[TRY IT]:
Count how many lines of the listing contain "view", then give that number and nothing more.
+++++
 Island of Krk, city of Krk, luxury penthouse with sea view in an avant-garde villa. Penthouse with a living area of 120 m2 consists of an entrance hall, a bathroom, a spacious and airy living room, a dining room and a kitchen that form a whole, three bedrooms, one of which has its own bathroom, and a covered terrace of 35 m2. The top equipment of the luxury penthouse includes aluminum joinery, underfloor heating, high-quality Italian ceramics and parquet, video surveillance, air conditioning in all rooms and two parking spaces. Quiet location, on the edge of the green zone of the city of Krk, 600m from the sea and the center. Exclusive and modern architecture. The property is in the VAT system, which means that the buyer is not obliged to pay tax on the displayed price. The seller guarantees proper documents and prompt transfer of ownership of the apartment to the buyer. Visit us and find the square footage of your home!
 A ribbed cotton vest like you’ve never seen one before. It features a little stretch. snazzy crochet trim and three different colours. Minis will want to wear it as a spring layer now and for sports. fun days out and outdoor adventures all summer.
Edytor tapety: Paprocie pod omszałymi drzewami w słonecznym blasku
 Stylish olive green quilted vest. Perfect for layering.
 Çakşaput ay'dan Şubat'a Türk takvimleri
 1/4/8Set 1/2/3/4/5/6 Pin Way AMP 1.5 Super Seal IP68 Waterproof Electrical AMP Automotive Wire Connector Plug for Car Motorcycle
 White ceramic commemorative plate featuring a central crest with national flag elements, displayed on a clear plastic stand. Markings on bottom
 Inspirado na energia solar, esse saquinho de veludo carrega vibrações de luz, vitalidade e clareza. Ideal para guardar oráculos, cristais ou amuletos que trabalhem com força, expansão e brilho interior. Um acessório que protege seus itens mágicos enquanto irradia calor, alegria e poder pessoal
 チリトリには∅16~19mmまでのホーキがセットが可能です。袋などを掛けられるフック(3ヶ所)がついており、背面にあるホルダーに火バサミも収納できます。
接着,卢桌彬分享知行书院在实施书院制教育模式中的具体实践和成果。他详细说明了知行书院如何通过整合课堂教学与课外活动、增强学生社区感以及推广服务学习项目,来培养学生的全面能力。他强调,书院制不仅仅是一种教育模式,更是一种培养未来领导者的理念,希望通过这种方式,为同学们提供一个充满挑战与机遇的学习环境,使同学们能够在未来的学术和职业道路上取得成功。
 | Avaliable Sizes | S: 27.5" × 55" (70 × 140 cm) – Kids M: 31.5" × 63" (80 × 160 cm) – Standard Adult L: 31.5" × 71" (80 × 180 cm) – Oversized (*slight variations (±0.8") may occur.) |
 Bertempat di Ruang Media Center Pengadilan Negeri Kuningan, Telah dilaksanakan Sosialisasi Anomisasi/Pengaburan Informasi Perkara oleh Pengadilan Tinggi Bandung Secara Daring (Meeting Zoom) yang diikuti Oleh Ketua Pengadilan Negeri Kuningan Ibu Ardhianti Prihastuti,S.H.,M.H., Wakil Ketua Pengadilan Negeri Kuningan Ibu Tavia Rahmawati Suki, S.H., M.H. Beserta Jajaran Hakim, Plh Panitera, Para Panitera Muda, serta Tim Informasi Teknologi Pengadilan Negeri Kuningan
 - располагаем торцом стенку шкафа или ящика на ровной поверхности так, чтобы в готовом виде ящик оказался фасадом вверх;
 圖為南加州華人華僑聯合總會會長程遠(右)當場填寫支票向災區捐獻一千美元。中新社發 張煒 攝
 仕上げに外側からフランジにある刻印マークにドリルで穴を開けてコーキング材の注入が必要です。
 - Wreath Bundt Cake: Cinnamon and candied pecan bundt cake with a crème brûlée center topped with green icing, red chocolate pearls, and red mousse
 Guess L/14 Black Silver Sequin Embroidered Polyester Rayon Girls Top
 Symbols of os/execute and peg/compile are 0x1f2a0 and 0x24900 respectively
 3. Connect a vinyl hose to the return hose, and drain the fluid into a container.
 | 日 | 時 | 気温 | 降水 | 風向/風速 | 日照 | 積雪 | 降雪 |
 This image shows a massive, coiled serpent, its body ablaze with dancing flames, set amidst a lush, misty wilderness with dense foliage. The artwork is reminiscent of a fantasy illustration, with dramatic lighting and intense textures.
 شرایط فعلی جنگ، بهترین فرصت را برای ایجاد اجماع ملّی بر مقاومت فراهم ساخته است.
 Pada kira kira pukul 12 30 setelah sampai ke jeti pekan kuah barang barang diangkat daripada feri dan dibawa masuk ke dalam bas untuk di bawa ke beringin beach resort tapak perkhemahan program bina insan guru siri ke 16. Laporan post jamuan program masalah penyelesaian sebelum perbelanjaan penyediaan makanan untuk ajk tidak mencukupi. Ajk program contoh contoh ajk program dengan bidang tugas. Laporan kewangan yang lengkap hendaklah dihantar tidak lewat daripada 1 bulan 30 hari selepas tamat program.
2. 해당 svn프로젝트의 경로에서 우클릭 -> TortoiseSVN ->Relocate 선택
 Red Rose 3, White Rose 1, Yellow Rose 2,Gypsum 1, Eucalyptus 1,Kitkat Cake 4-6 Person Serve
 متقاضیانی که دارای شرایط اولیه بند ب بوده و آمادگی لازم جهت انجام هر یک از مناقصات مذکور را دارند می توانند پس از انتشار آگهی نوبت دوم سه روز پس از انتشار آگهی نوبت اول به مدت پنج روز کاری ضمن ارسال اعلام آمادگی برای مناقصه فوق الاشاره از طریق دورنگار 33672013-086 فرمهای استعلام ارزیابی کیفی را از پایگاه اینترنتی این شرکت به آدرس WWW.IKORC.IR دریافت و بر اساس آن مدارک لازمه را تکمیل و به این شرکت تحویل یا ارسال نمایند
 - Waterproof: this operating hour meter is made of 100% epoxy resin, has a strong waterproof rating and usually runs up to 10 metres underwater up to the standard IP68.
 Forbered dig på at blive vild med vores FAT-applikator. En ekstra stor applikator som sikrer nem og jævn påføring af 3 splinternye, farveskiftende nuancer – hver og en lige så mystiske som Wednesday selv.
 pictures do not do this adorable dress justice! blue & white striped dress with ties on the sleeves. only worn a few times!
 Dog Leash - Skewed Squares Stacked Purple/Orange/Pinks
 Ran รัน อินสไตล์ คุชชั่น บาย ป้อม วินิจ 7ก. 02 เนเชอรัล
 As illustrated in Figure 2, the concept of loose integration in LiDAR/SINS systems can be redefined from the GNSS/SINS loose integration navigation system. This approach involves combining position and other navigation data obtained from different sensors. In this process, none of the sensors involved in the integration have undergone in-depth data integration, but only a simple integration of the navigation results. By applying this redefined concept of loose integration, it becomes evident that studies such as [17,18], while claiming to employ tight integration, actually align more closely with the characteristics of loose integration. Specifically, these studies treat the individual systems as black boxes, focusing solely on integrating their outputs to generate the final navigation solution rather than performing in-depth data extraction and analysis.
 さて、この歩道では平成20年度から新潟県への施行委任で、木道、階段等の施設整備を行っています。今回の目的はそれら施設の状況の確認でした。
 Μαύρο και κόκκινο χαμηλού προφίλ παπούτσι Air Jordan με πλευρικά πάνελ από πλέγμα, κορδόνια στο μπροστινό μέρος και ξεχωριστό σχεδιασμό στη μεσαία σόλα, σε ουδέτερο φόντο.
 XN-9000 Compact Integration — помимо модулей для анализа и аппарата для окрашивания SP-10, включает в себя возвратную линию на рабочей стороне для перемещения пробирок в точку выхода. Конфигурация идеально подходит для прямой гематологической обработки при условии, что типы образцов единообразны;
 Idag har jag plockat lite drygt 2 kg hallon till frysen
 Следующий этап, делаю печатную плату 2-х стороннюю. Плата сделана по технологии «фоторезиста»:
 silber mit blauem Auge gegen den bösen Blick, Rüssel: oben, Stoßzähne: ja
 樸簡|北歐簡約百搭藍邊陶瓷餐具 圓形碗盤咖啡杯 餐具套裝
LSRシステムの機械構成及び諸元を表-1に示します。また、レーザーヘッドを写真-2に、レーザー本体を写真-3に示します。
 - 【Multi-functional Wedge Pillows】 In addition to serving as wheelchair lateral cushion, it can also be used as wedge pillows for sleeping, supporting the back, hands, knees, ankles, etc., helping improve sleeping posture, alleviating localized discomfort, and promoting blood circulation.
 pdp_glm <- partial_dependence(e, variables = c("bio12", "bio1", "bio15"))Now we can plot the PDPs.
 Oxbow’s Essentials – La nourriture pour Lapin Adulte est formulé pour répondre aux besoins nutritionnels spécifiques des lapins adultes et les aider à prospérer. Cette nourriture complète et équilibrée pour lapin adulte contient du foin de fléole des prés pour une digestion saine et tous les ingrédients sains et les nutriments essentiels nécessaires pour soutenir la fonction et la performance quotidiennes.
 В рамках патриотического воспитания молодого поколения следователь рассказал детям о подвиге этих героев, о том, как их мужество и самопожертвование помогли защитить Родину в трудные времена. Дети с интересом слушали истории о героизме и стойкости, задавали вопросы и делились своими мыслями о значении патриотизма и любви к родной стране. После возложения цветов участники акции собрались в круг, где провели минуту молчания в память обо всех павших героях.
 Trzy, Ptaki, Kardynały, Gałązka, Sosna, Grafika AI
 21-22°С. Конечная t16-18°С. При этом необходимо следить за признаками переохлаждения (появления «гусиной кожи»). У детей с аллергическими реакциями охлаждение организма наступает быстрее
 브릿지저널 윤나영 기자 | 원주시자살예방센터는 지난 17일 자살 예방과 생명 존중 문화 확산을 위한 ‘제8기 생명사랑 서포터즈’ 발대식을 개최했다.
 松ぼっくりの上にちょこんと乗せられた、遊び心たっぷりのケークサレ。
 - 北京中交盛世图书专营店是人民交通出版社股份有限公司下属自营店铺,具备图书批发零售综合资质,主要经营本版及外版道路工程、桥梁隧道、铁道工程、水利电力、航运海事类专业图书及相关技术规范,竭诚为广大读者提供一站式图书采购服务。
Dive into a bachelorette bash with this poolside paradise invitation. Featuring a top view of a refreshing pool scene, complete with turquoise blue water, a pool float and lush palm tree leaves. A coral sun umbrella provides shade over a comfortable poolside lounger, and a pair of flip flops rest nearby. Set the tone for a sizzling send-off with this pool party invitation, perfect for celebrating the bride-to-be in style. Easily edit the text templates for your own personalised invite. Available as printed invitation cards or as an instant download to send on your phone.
+++++
[RESPONSE]:
2